→ **EXERCISE REQUIREMENTS**
From the material below, retype exactly the lines that begin at the line with "Този състезателен модел" and end after the line with "Pack of 100"; pictures stay out of the copy.

→ **EXTRACTED RECORDS**
^^^^^^^^^^^^^^^^
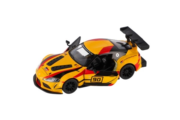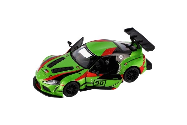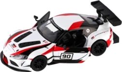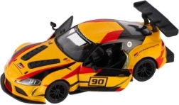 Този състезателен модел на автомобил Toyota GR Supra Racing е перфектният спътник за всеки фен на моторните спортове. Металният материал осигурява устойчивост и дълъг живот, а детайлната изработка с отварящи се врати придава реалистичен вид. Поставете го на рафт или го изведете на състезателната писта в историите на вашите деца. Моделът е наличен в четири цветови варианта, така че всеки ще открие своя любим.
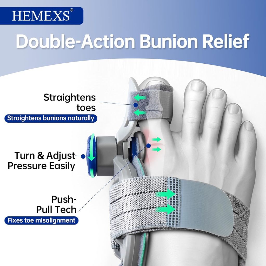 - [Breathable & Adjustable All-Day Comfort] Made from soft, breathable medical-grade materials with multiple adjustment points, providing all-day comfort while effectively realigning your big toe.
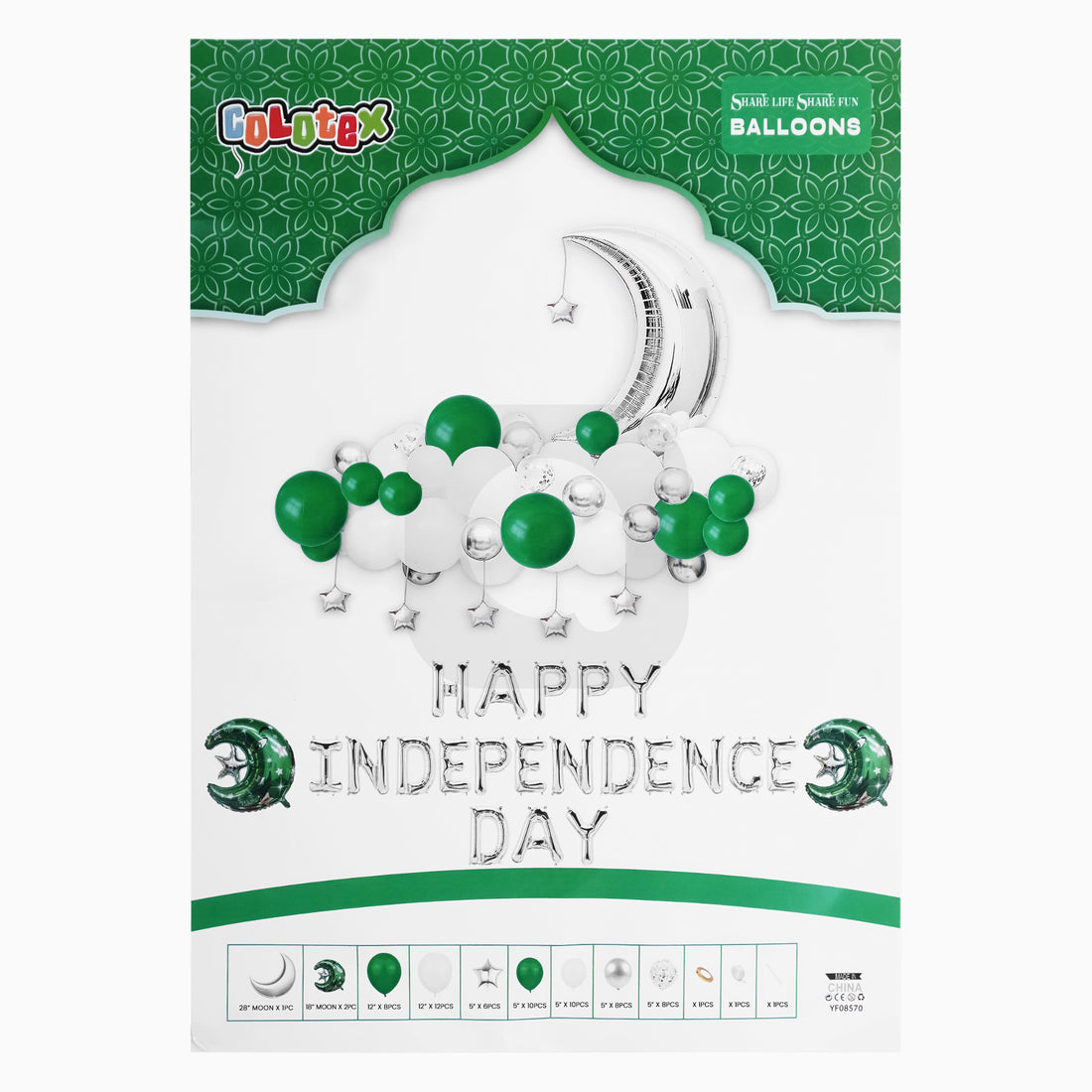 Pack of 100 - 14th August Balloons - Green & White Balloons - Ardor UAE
^^^^^^^^^^^^^^^^
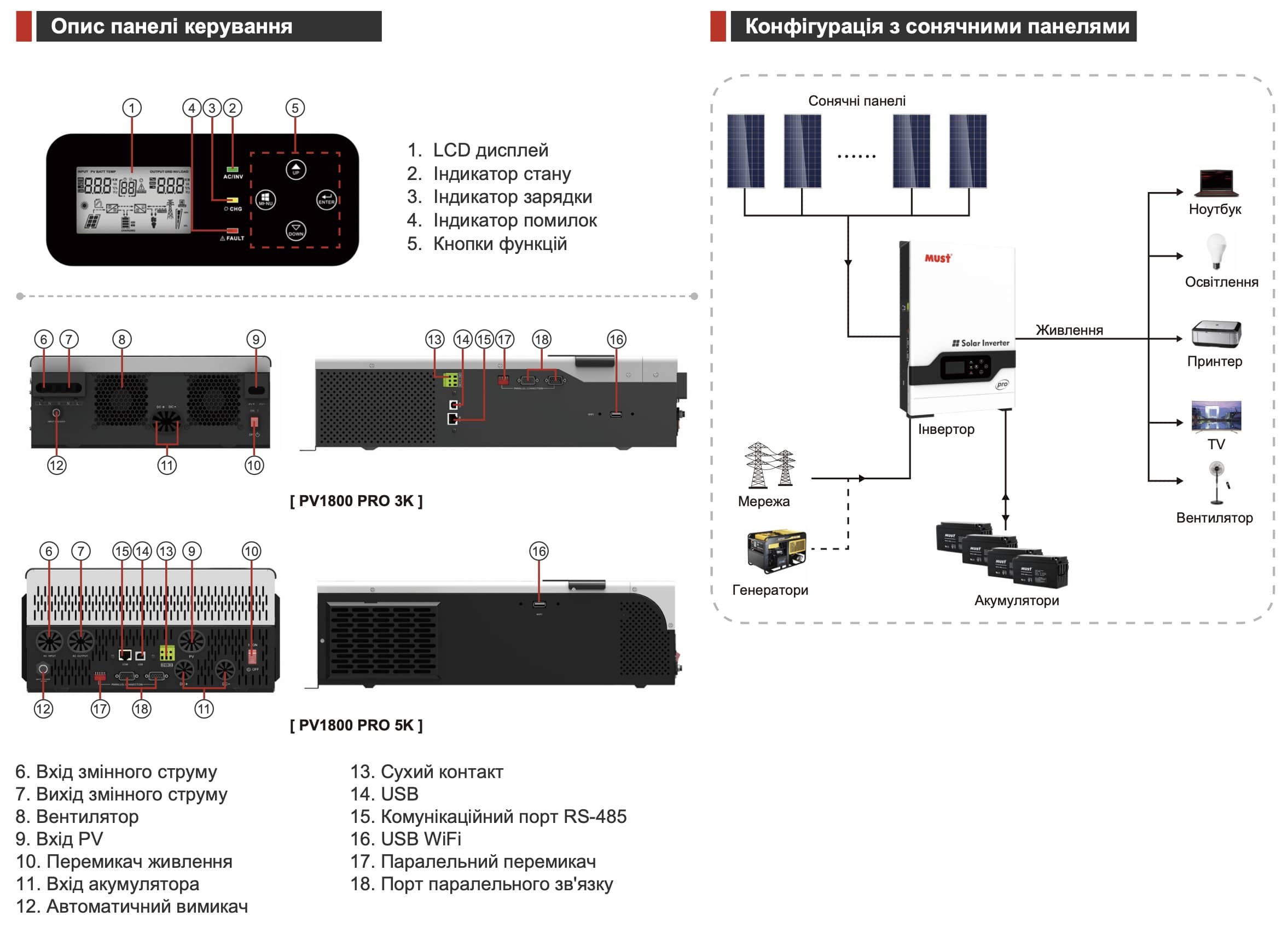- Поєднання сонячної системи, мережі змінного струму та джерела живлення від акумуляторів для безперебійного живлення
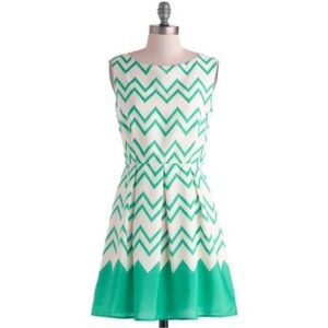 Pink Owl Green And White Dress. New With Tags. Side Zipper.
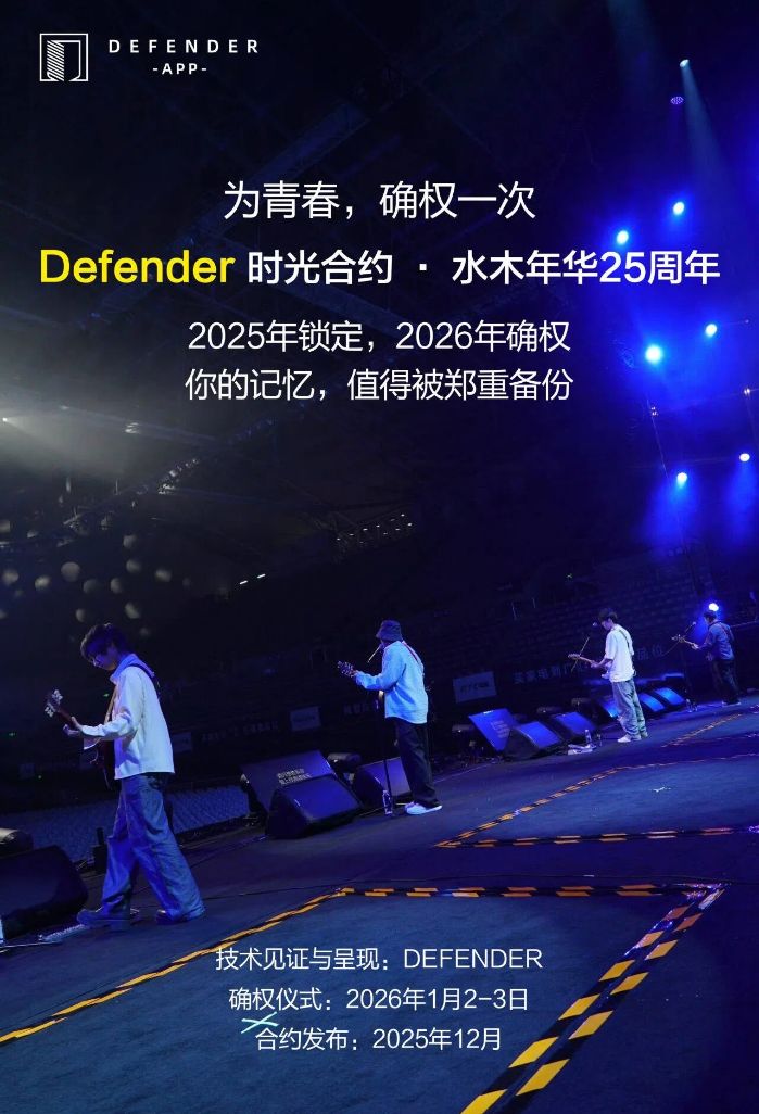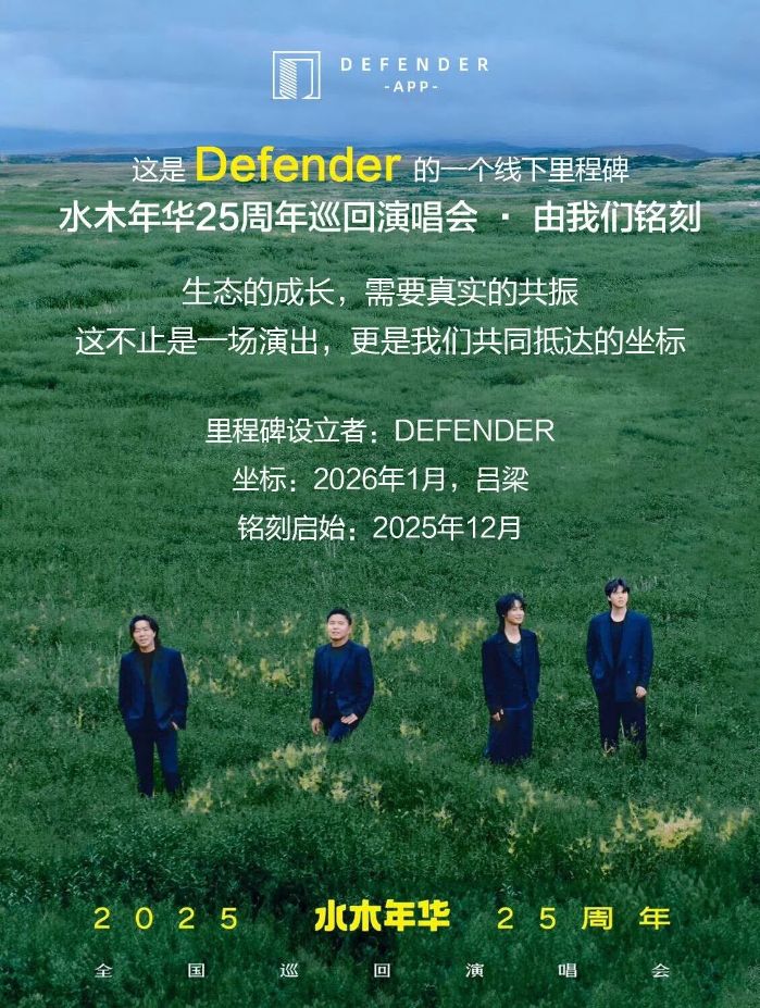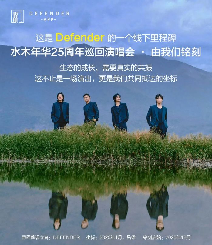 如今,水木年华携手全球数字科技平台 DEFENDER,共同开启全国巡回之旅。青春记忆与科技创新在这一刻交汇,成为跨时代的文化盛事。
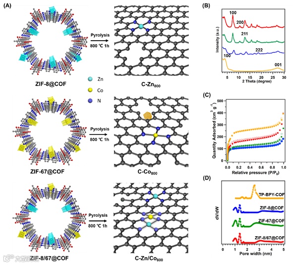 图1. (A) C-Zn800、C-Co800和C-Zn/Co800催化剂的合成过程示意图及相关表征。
^^^^^^^^^^^^^^^^
→ **ANSWER BOX**
 Този състезателен модел на автомобил Toyota GR Supra Racing е перфектният спътник за всеки фен на моторните спортове. Металният материал осигурява устойчивост и дълъг живот, а детайлната изработка с отварящи се врати придава реалистичен вид. Поставете го на рафт или го изведете на състезателната писта в историите на вашите деца. Моделът е наличен в четири цветови варианта, така че всеки ще открие своя любим.
 - [Breathable & Adjustable All-Day Comfort] Made from soft, breathable medical-grade materials with multiple adjustment points, providing all-day comfort while effectively realigning your big toe.
 Pack of 100 - 14th August Balloons - Green & White Balloons - Ardor UAE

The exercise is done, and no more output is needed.